130   Poi parve a me che la terra s'aprisse
  tr'ambo le ruote, e vidi uscirne un drago
  che per lo carro sù la coda fisse;
                                                                                                                     

133   e come vespa che ritragge l'ago,
  a sé traendo la coda maligna,
  trasse del fondo, e gissen vago vago.

136   Quel che rimase, come da gramigna
  vivace terra, da la piuma, offerta
  forse con intenzion sana e benigna,

139   si ricoperse, e funne ricoperta 
  e l'una e l'altra rota e 'l temo, in tanto
  che più tiene un sospir la bocca aperta.
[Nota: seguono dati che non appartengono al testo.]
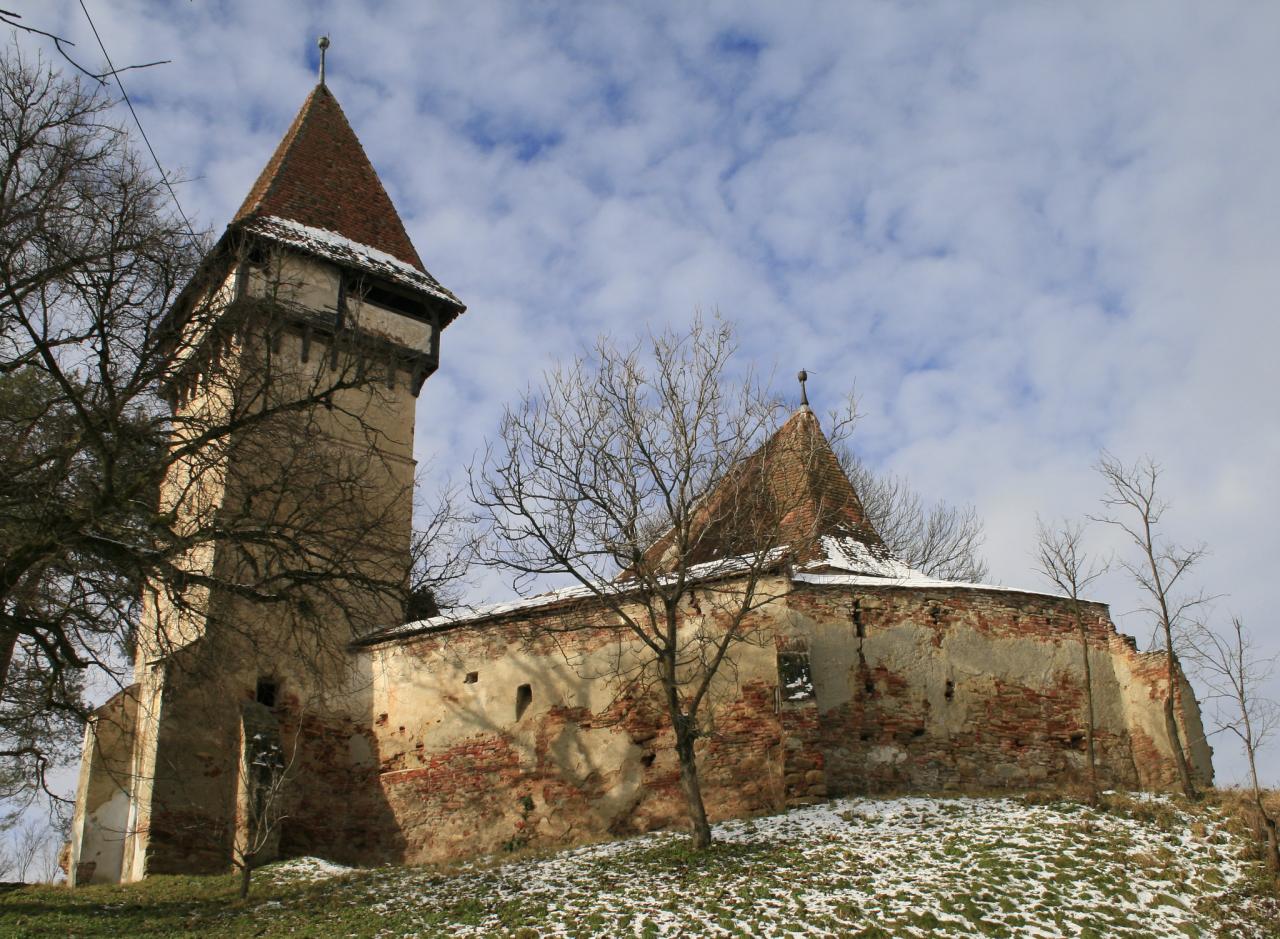 The small towerless one-nave hall church in Pelişor was built in the 15th century and has remained almost unchanged until today. Only the nave was provided with a new stuccoed flat ceiling in the 19th century. In 1500 a polygonal curtain wall was built and endowed with four defensive towers, of which only the impressive gate tower with battlement walk survived the centuries. The assembly was strengthened on its western hillside with another wall with outer bailey built in 1600. The construction is still more than 10m high and preserves several defensive systems such as loopholes and embrasures.

142   Trasformato così 'l dificio santo 
  mise fuor teste per le parti sue,
  tre sovra 'l temo e una in ciascun canto.
                                                                                                                       

145  Le prime eran cornute come bue,
  ma le quattro un sol corno avean per fronte:
  simile mostro visto ancor non fue.

148   Sicura, quasi rocca in alto monte, 
  seder sovresso una puttana sciolta
  m'apparve con le ciglia intorno pronte;

151   e come perché non li fosse tolta,  
  vidi di costa a lei dritto un gigante;
  e basciavansi insieme alcuna volta.
                                                                                                                        

154  Ma perché l'occhio cupido e vagante
  a me rivolse, quel feroce drudo
  la flagellò dal capo infin le piante;

157   poi, di sospetto pieno e d'ira crudo,
  disciolse il mostro, e trassel per la selva,
  tanto che sol di lei mi fece scudo

160   a la puttana e a la nova belva.